Tuesday, March 6, 2018

The responses (and opinions) pour in on Louisiana College

      Here are the bulk of the comments/opinions received after the Tuesday morning e-mail/Facebook post concerning a lawsuit against Louisiana College and its president by an assistant football coach reportedly rejected for consideration because of his "Jewish descent."
      My comment of this response: Happy reading.
      -- "Wow."
       -- "My dad graduated from LC; I met my wife at LC; and Billy Allgood was my baseball coach for two years at LC. So much has changed over the last 40 years. Very sad."
       -- "Incomprehensible. What if Jesus had applied."
       -- "Jesus was Jewish (tribe of Judah). I would think that the school would welcome someone of whom God said, 'I will bless those who bless you, curse those who curse you.' (Genesis 12:3)"
       -- "Sad!"
       -- "I find it hard to believe that this is actually true."
       -- "Outrageous if true!"
       -- "Nice way to treat an alum."
       -- "Doesn't surprise me at all."
       -- "What about federal funding and this is a form of discrimination that would NOT be allowed? Fake news I hope."
       -- "Seriously??"
       -- "I hate stuff like this."
       -- "What!?!"
       -- "This would be so crushing for so many people on so many levels."  
       -- "It gives people who call themselves Christians give all Christians a bad name. You don't win many to Jesus this way. If it is true, LC has a lot of work to do. I hope it is not true."
       -- "Damn, this pisses me off. We live in America. Used to welcome all, no matter what your race, creed, ethnicity, religion, etc., etc. If this is a true and accurate story, and Brewer is behind this, they should fire him and send him on his way."
      -- "I really hope this is 'fake news' and Louisiana College isn't guilty of something so stupid."
     -- "As a Christian, I find this appalling.
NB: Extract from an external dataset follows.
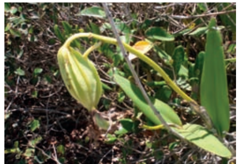
Fig. 13 – A presença do polinizador no ambiente possibilita a fecundação das duas espécies de Cattleya .

A OrquidaRio e o BrBio, como organizações da sociedade civil, são membros do Conselho Consultivo do PECS e propõem-se a colaborar com o INEA na elaboração do Plano de Manejo do PECS, que está em andamento. O mapeamento e monitoramento das populações de orquídeas que ocorrem nesta unidade de conservação está nos planos de alguns dos sócios da OrquidaRio. Para isto, precisarão submeter o projeto ao INEA, para receberem autorização para as pesquisas.

The president needs to be fired immediately and someone with a true Christian heart (love one another as Christ loves you) needs to be hired. I have lots of family who attended Louisiana College (being brought up as a Baptist in Louisiana that happens!)
        "I hate that the college is being sued when it is the president who made the decision. However, he represents the school and I understand why the lawsuit is against the school. One (pseudo?) Christian man in a position of power is hurting the reputation of an excellent school."
        -- "I did read this recently, and am dismayed by it. Will wait to see how the courts rule, but it is disturbing."
        -- "Wow! Amazing that this still happens, or is happening again, under current American leadership?"
        -- "I am shocked and disappointed, but wondering if the head coach was accurate in his report of the reason for the decision. I attended LC for three years and never saw this type of discrimination. It doesn't even represent Southern Baptist views, so not sure where the policy or view comes from. If that is the policy, even Jesus would not be allowed to coach at LC. I know Billy Allgood and the faculty during his time would not have agreed with the decision."
      -- "If the LC story is true (and I don't think that has been determined, it is beyond reprehensible and in no way representative of the beliefs and attitudes of the Baptist faith. I hope my love and friendship with you is a much clearer representation."
       -- "Very sad if the story is true. In the New Testament, Christian believers are told that we have been 'grafted in' to the root of Abraham. In essence, we have been adopted as brothers and sisters into the Jewish nation and are now co-recipients of all the promises God made to Abraham. That is why true Christians are very pro-Jewish. Unfortunately, there are many 'religious' people who are not true Christians."
        -- "Very sad. Aren't we supposed to expand our views in college?"
        -- "Wow! If this is true, then they need an attitude adjustment. I'm a Southern Baptist girl from way back, but have detested this 'holier and better than you' vibe that so many Protestants (and others) have subscribed to for years. Hope they have a change of heart. [This is] so not right."
        -- "Same thing happens at Baylor. This is going to become more and more common with the religious freedom movement. Another reason to retire some place besides Louisiana."
        -- "It's hard for me to believe that this sort of thing still exists. The president probably has a pointed white hat and robe in his closet. Excuse me, I have to go throw up now."
        -- "This is totally ridiculous! How could they think this would not be challenged?? I am appalled."
        -- "Interesting. This is the kind of thing that made me want to leave Louisiana. I still miss New Orleans, though, and go back every couple of years."
        -- "Gotta love those Baptists. Praise the Lord and pass the offering plate."
        -- "Truly sad but not surprising."
        -- "If there is a dumbass on earth that thinks like that, it would be in a place like Pineville, La. Just when you think we have evolved ..."
        -- "How very, very stupid and anti-Semitic that is, although not unusual in today's crazy world."
        -- "I read this in The Shreveport Times and couldn't believe it!!!!"
        -- "How sad if true."
        -- "That's unexplainable."
        -- "I agree with you, but in case you didn't know Brigham Young requires all its coaches to be Mormon."
        (Researched this, and could not verify it, other than a sentence from a 2004 story in the Daily Herald -- Provo, Utah -- which said: "BYU's head football and basketball coaches must be active members of the LDS Church who have been and will be good role models.") 
        Likely there are religious-affiliated schools/colleges in this country which would prefer -- or even demand -- that administration, faculty and coaches be of that religion.
         But, just two examples, that is not the case at the most prominent Catholic university, Notre Dame, or at the Catholic high school in Shreveport-Bossier, Loyola College Prep.
         Not certain how that applies to this Louisiana College issue, but there you have it.

Friday, March 2, 2018

Toughest story assignment -- it was Love (and death)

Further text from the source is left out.